1. Analysis (These files are useful for analysis):
projectname-metadata.txt: Each metadata will have a file of associations. Any associations indicated to be performed after initial boosting is recorded here. Included are the information from the final general linear model (performed after the boosting) and the FDR corrected p-value (q-value). Can be opened as a text file or spreadsheet.

projectname-metadata.pdf: Any association that had a q-value less than or equal to the significance threshold will be plotted here. If this file does not exist, the projectname-metadata.txt should not have an entry that is less than or equal to the threshold. Factor and boolean data is plotted as knotched box plots; continuous data is plotted as a scatter plot with a line of best fit.

maaslin_output.png

Example of the projectname-metadata.pdf file Significant associations are combined in files of associations per metadata. Factor and boolean data is plotted as knotched box plots; continuous data is plotted as a scatter plot with a line of best fit. Plots show raw data, header data show information from the reduced model.


projectname_Summary.txt: Any entry in the projectname-metadata.pdf are collected together here. Can be opened as a text file or spreadsheet.


2. Troubleshooting (These files are typically not used for analysis but are there for documenting the process and troubleshooting.):

projectname.txt: Contains the detail for the statistical engine. Is useful for detailed troubleshooting.

data.tsv: The data matrix that was read in (transposed). Useful for making sure the correct data was read in.

data.read.config: Can be used to read in the data.tsv .

metadata.tsv: The metadata that was read in (transposed). Useful for making sure the correct metadata was read in.

metadata.read.config: Can be used to read in the data.tsv .

read_merged.tsv: The data and metadata merged (transposed).
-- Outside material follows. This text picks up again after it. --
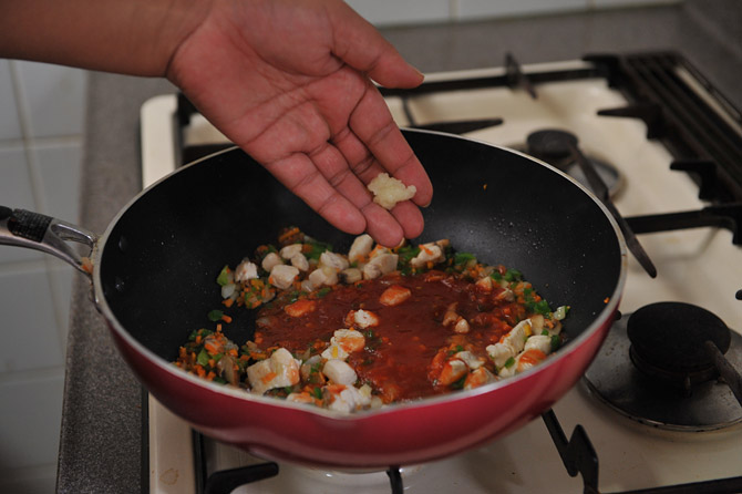 すりおろしにんにくを加えます。

Useful for making sure the merging occurred correctly.

read_merged.read.config: Can be used to read in the read_merged.tsv .
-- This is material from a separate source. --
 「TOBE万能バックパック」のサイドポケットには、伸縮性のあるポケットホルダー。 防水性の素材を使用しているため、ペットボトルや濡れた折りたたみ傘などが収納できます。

read_cleaned.tsv: The data read in, merged, and then cleaned. After this process the data is written to this file for reference if needed.

read_cleaned.read.config: Can be used to read in read_cleaned.tsv .

ProcessQC.txt: Contains quality control for the MaAsLin analysis. This includes information on the magnitude of outlier removal.


This covers how to use MaAsLin. Thank you for using this software and good luck with all your endeavors!




Related projects

QiimeToMaAslin is a series of software scripts that create pcl files for MaAsLin in an automated way. The program takes a Qiime table and a metadata file as input, merges the files, and optionally hierarchically sums and normalizes OTUS at each clade level (based on their consensus lineage). QiimeToMaAsLin code and documentation can be found in bitbucket. Click here to download QiimeToMaAsLin

You can also obtain the complete analysis package using the following mercurial command.

$ hg clone https://bitbucket.org/biobakery/qiimetomaaslin

or by downloading the compressed archive in zip, gz, or bz2 format.